Tamminen joined the Faculty in 2013 after completing a postdoctoral research fellowship at the University of British Columbia. She earned her PhD from the University of Alberta in 2011, where her dissertation focused on stress management among adolescent athletes—an area that remained central to her scholarship throughout her career.
While working as a sport psychology consultant at a hockey academy, a conversation with young athletes about happiness and stress proved formative. One athlete shared that the most stressful part of sport was the car ride home, a realization that profoundly shaped Tamminen’s research trajectory. Supported by funding from the University of Toronto Connaught Fund and the Social Sciences and Humanities Research Council, she went on to lead several major research initiatives aimed at improving youth sport experiences. [Read more about Tamminen’s car ride home research]
Over the course of her career, Tamminen became an internationally recognized authority on stress, coping, and emotional processes in youth sport and adolescent athletes. She was also widely respected for her expertise in qualitative research methods and for her leadership in advancing open science practices within qualitative scholarship. [See full list of Tamminen’s publications]
At the University of Toronto, Tamminen taught undergraduate and graduate courses and founded the Sport and Performance Psychology Lab.
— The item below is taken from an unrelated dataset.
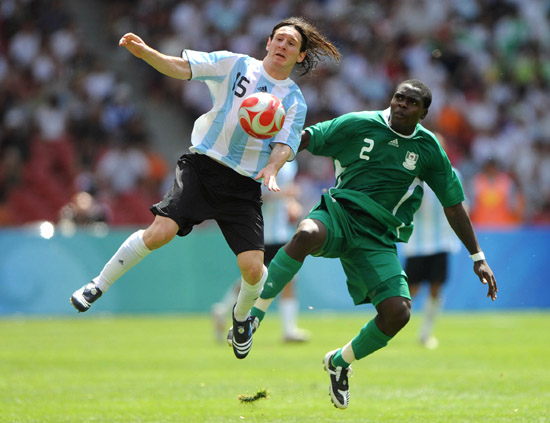 經(jīng)歷了巴塞羅那俱樂部與阿根廷隊的反復(fù)爭執(zhí),21歲的梅西終于如愿來到了奧運賽場。“參加奧運始終是我唯一的選擇。”梅西在兩方的扯皮中保持著堅定的決心。 北京奧運會賽場上,梅西是阿根廷藍(lán)白風(fēng)暴的偉大導(dǎo)演,也是該隊區(qū)別于其他球隊的“核武器”。對科特迪瓦隊時,他用一次進(jìn)球和一次助攻擊潰了強大的對手;對荷蘭隊的比賽中,他又用一個進(jìn)球和一記助攻幫助球隊鎖定勝局;在3:0擊敗巴西隊的比賽中,梅西幾乎參與了每一次進(jìn)球,與尼日利亞隊的決賽也是他的巧妙助攻幫助隊友攻入制勝球。 梅西不僅征服了球迷,還征服了更多體育界同行。NBA巨星科比已成為其粉絲,親自來看他比賽,還說梅西是所有運動員中最吸引他的,因為他在場上和別人都不一樣。尼日利亞隊隊員在頒獎儀式前甚至爭搶著和梅西合影。

She was an exceptional teacher and mentor, deeply committed to students’ academic, professional and personal development, and she was equally generous in mentoring junior faculty members within the Faculty and the broader scholarly community.
Her expertise was frequently sought in the development of physical activity reports for Canadian children and youth, and she was known for sharing practical strategies for managing stress with audiences ranging from university students to Olympians.
Tamminen served as editor-in-chief of the Psychology of Sport and Exercise journal, past president of the Canadian Society for Psychomotor Learning and Sport Psychology (SCAPPS), and member-at-large with the International Society of Qualitative Research in Sport and Exercise.
Her mentorship, scholarship and generosity of spirit have left a lasting impact on the many students she guided, the colleagues who had the privilege of working alongside her, and the national and international sport psychology communities she helped shape.